Die 3 Klassen des "Programmes" hab ich mal auf pastebin hinterlegt..

Main.java
Mail_send.java
MailAuthenticator.java

Sollte da noch toter Code o.Ä. drin sein, bitte ich um Entschuldigung. Ist C&P aus einem älterem Programm 
Am Programm sollte es aber EIGENTLICH nicht liegen. Bei einem Stück Code, welches ich ausm Internet habe gibt es das gleiche Problem und .. wie schon gesagt .. unter Ubuntu lüppt es.
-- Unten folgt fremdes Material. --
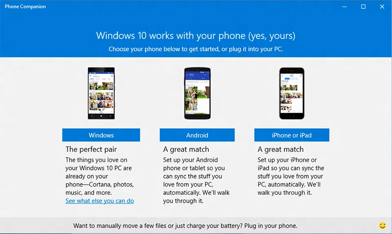 Nhằm giúp quá trình sử dụng Cortana được dễ dàng hơn, Microsoft còn giới thiệu một ứng dụng có tên Phone Companion dành cho PC. Tính năng của ứng dụng này giúp người dùng kết nối, đồng bộ dữ liệu của mình với điện thoại một cách dễ dàng hơn, bao gồm việc hướng dẫn cài đặt OneDrive, cách chép nhạc, cách tải OneNote, Skype, Office, Outlook, và tất nhiên là có cả Cortana.

Ich fände es interessant zu wissen, woran das liegt.
Liegt es am OS?
An der Eclipse-Version?
Ich wäre für jeden Hinweis dankbar 
Grüße,
Matthias

PS: Aus nachvollziehbaren Gründen habe ich die Frage auch im Ubuntuusers-Forum gestellt 
PPS: Ich weiß, dass man sich normalerweise vor dem 1. Beitrag vorstellt, aber es nicht nicht mehr ganz zeitig (oder bereits zu zeitig)...


----------



## inv_zim (5. Jan 2012)

Firewalls und Anti-Viren-Programme können ausgeschlossen werden?


----------



## TheDarkRose (5. Jan 2012)

Du kannst von deinem Windowsrechner keine Verbindung zu deinem SMTP aufbauen.


----------



## Stupidflanders (5. Jan 2012)

Neiiiiin .. es war die Firewall. Und ich sitze da Stunden vor. Wie peinlich   
Da ich bei Ubuntu keine Firewall habe/ brauche kam ich auf den Gedanken gar nich :lol:

1000 Dank für die Hilfe!!!


----------